====== Entries provided ======
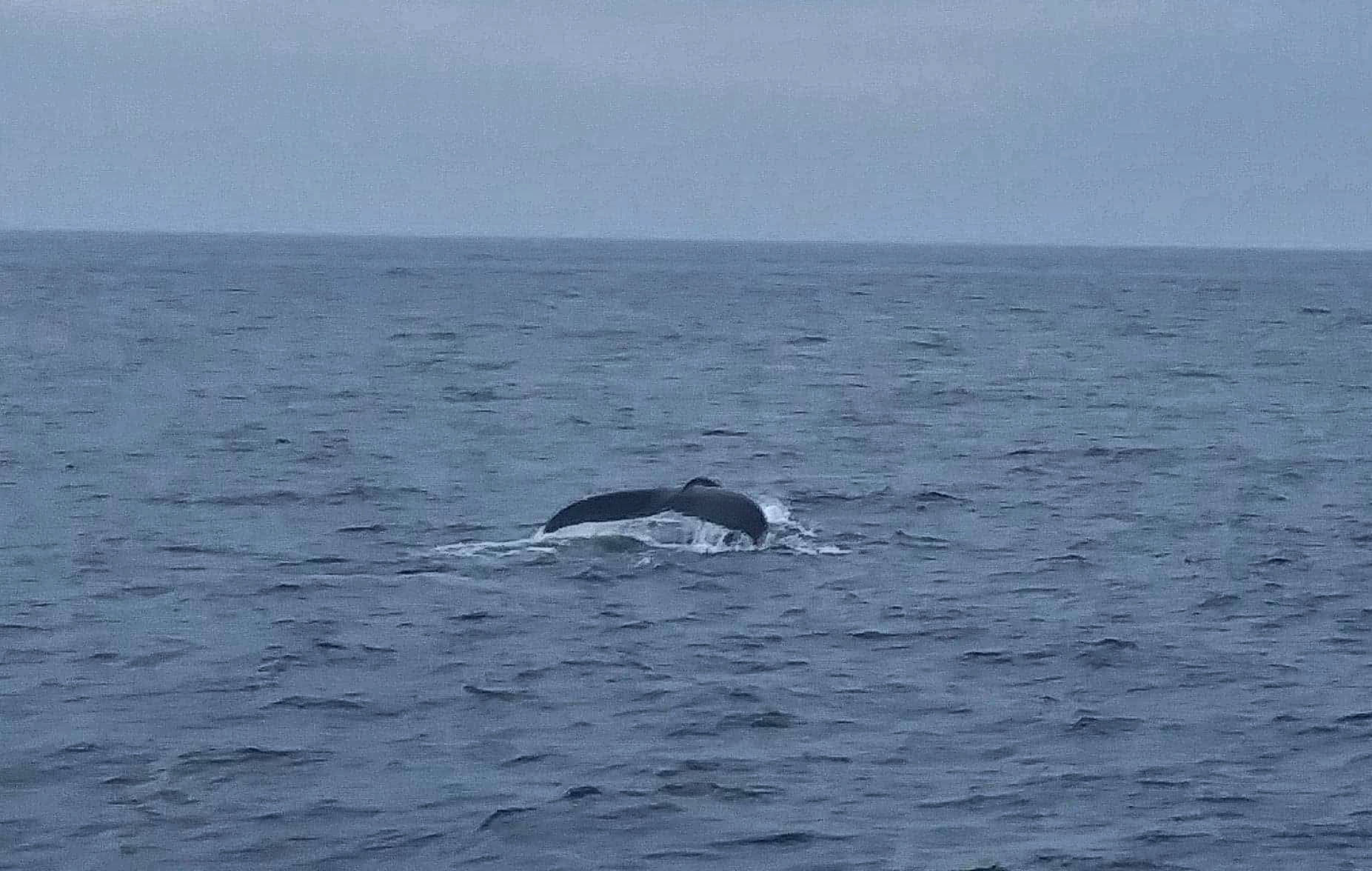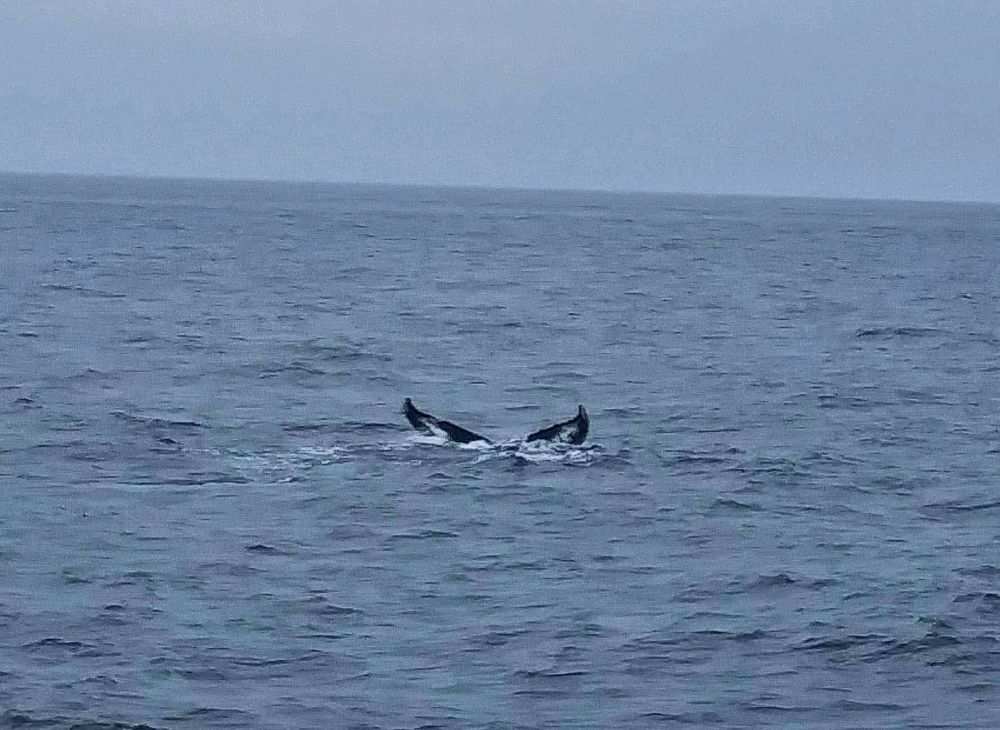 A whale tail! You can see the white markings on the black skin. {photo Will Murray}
======
====== Entries provided ======
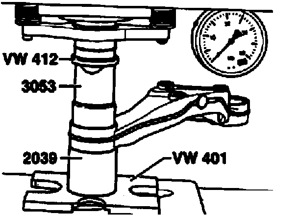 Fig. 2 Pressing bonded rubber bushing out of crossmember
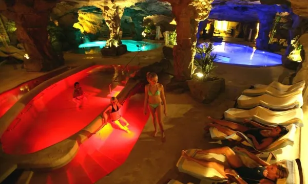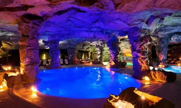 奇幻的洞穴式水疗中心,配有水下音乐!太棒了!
======
## To do:
For this exercise, return exactly the lines above from the line with "Fig. 2 Pressing" through the line with "奇幻的洞穴式水疗中心,配有水下音乐!太棒了!", both included. Do not copy the pictures.

## Solution to this task:
 Fig. 2 Pressing bonded rubber bushing out of crossmember
 奇幻的洞穴式水疗中心,配有水下音乐!太棒了!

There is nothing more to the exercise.